The book doesn't shy away from hard truths. Juliane discovered other victims who didn't survive, and the crash itself was terrifying. But Cochrane, drawing on her two decades in classrooms, knows kids want honesty above all.

Teacher Turns Amazon Survival Story Into Hope for Kids

"I think some kids have some tough lives and when they see that somebody can overcome obstacles and persevere, I think it resonates with them," she said. "It lets them know, 'you know, I can do this,' whatever it is."

Why This Inspires

Cochrane wove natural history and science throughout the book, teaching readers about the Amazon's ecosystem and Peru's wildlife. As a California naturalist, she believes the outdoor world holds special value for young people.

She couldn't interview Juliane directly. The survivor, now Dr. Diller, stopped giving interviews after years of media pressure. So Cochrane used her Spanish language skills to dig through decades of newspaper reports and recordings.
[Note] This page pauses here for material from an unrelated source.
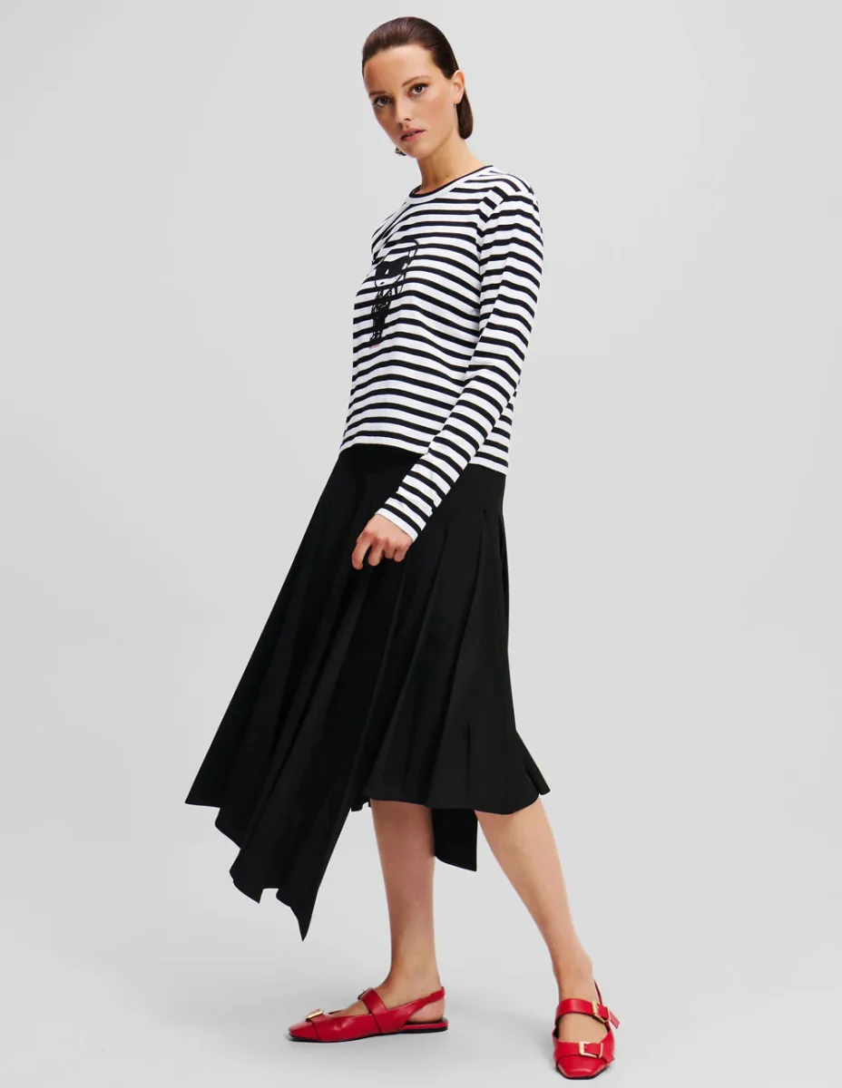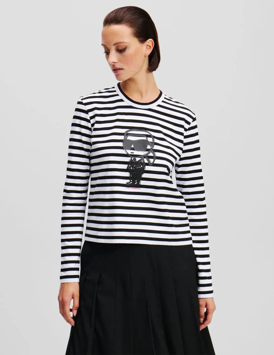 La camiseta de manga larga Ikon de Karl Lagerfeld en negro y blanco combina un diseño de rayas atemporal con el estilo icónico del diseñador. Confeccionada en algodón de alta calidad, ofrece comodidad y versatilidad. Perfecta para looks casuales o sofisticados, añade un toque moderno y elegante a tu guardarropa.

The author is donating 10 percent of her profits to the foundation Juliane created at her parents' former research station in the Amazon. If they ever meet, Cochrane hopes to tell her the book will introduce thousands of kids to that special part of the rainforest.

Her next book, "The Siberian," tells a fictional survival story set in Russia. This one features siblings encountering an Amur tiger, part of a conservation success story that brought the species back from near extinction to over 500 tigers today.

Cochrane found her niche writing for kids at that crucial age when they're figuring out their own strength.